Divyakumar Menghani | I202 | Information Organization and Retrieval

OVERVIEW

Scientific research is published in many periodic journals since beginning of 19^th century. It enables sharing of collective human knowledge and wisdom. These articles/papers are a result of the extensive research done by researchers in specific domains.

Google Scholar [1] is a digital bibliographic database and search engine of published scholarly literature across varied disciplines. It indexes research papers, books, articles, publications etc. and is very popular in academia. It is interesting in the way it applies the organization principles to solve a complex problem of distributing collective human wisdom in the form of scholarly literature.

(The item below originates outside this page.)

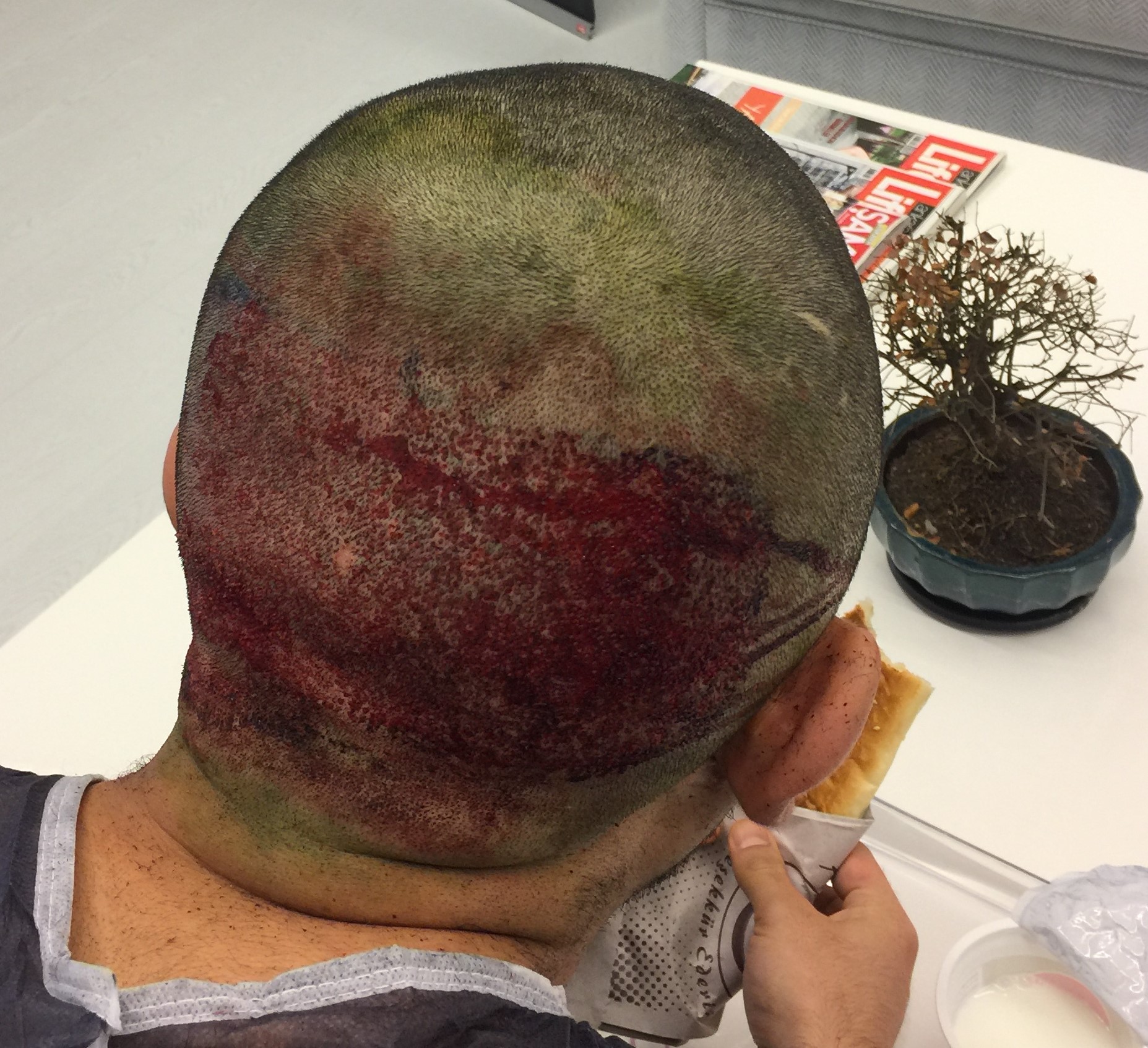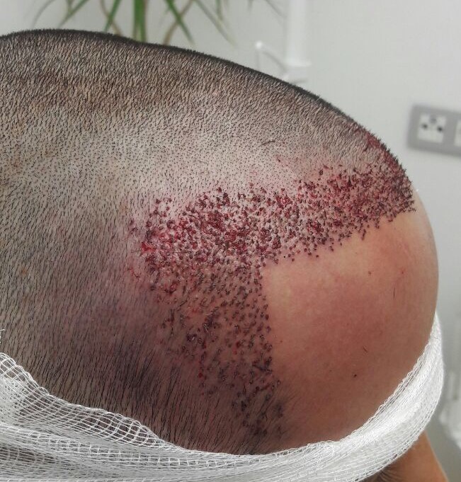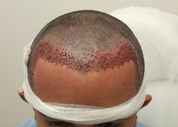 Toplamda 2200 greft ekildi. Sıklık çok fazla ve özellikle büyük boy yüklediğim ekim kanallarının açılmış haline bakarsanız, kanalların saç çizgisinin yönünde açılmış olduğunu göreceksiniz.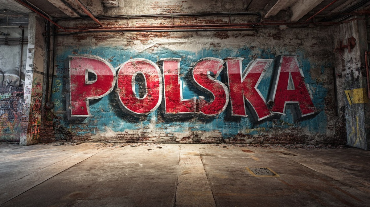 Создано на основе запроса: The word "Polska" spray-painted as graffiti on an old concrete wall, urban decay setting, moody shadows, football fan culture atmosphere hyperrealistic. Highly detailed. Hd

1.1 WHAT RESOURCES ARE BEING ORGANIZED?

Google scholar is a digital organizing system. Documents of various types and formats are being organized. It indexes “full-text journal articles, technical reports, preprints, theses, books, and other documents, including selected web pages that are deemed to be ‘scholarly.’”[2] It organizes knowledge, which is represented in variety of formats. It was launched in late 2004 and organizes articles created in 1901. All articles have been converted to digital formats that can be viewed on the Internet. The unit of organization is one single document. The system is designed to locate resources and users can form a collection in their own personal library. Resources are created by crawling the papers over the Internet. Older articles were digitized by Google in collaboration with libraries/organizations around the world.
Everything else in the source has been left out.